Tournée dans la métropole lilloise, la Palme d'or 2013 du Festival de Cannes laisse un goût amer à certains. Par la voix du syndicat des professionnels de l'industrie de l'audiovisuel et du cinéma, certains techniciens embauchés sur "La vie d'Adèle" dénoncent de difficiles conditions de travail.
Des journées de travail de 16 heures payées 8, des horaires anarchiques, modifiés sans cesse à la dernière minute et annoncés parfois en pleine nuit par SMS...les doléances ne manqueraient pas en ce qui concerne les conditions de travail sur le tournage de "La vie d'Adèle".
La Palme d'or 2013 du festival de Cannes, attribuée dimanche 26 mai au film d'Abdellatif Kechiche ne serait donc pas celle du respect des travailleurs, selon les techniciens et ouvriers du Nord qui ont travaillé sur le film.
Des conditions de travail proches du harcèlement moral
C'est le syndicat des professionnels de l'industrie de l'audiovisuel et du cinéma, le Spiac-CGT, qui est venu relayer leurs plaintes dans un communiqué, juste avant la projection officielle du film, le 23 mai à Cannes.
Selon le journal Le Monde, qui s'en est fait l'écho, l'organisation dénonce des conditions de tournage du film, proche du "harcèlement moral".
Des techniciens écoeurés, voire déprimés
"Nos collègues ayant travaillé sur ce film nous ont rapporté des faits révoltants et inacceptables. La majorité d'entre eux, initialement motivés, à la fois par leur métier et le projet du film en sont revenus écœurés, voire déprimés", peut-on lire dans ce communiqué. Certains ont abandonné "en cours de route", "soit parce qu'ils étaient exténués, soit qu'ils étaient poussés à bout par la production, ou usés moralement par des comportements qui dans d'autres secteurs d'activités relèveraient sans ambiguïté du harcèlement moral".

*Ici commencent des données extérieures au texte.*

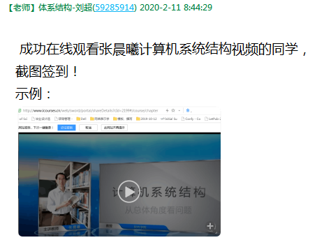 实时关注学生上课状态,利用QQ群进行视频截图打卡签到,严肃在线教学的课程纪律,帮助学生养成良好的学习习惯,促进在线教学的严格管理;

Une polémique qui fait tache sur la Palme d'or
Dans un autre article, publié le lendemain, Le Monde cite cette fois un communiqué de l'Atocan, association regroupant les techniciens et ouvriers du cinéma du Nord-Pas-de-Calais :
"Si ce long-métrage devait devenir une référence artistique, nous espérons qu'il ne devienne jamais un exemple en termes de production."
Voilà qui fait une bien cinglante contre-publicité au film récompensé par la plus haute distinction cannoise.
En plein débat sur la convention collective du cinéma
Il faut dire que ce pavé dans la mare intervient en plein débat sur la convention collective du cinéma. Signée en janvier 2012 par la plupart des syndicats de salariés, elle est rejetée par de nombreux syndicats de producteurs. Selon eux, une bonne soixantaine de films ne pourraient plus se faire si on appliquait les nouvelles mesures en matière de minima salariaux, de paiement des heures supplémentaires, de travail de nuit ou du dimanche.
"La vie d'Adèle" instrumentalisée par les syndicats selon les producteurs
Pour les producteurs de "La vie d'Adèle", les critiques émises sur les conditions de travail lors du tournage du film sont l'instrumentalisation de ce contexte.
Wild Bunch, producteur principal du film, se fait d'ailleurs l'avocat du réalisateur Abdellatif Kechiche. "Je n'ai pas entendu parler de plaintes, mais cela ne veut pas dire qu'elles n'existent pas. Certains techniciens de la région Nord – Pas-de-Calais sont partis en cours de route, car ils n'acceptent pas les conditions de Kechiche. Mais certains collaborateurs de Kechiche sont toujours là, depuis son premier film".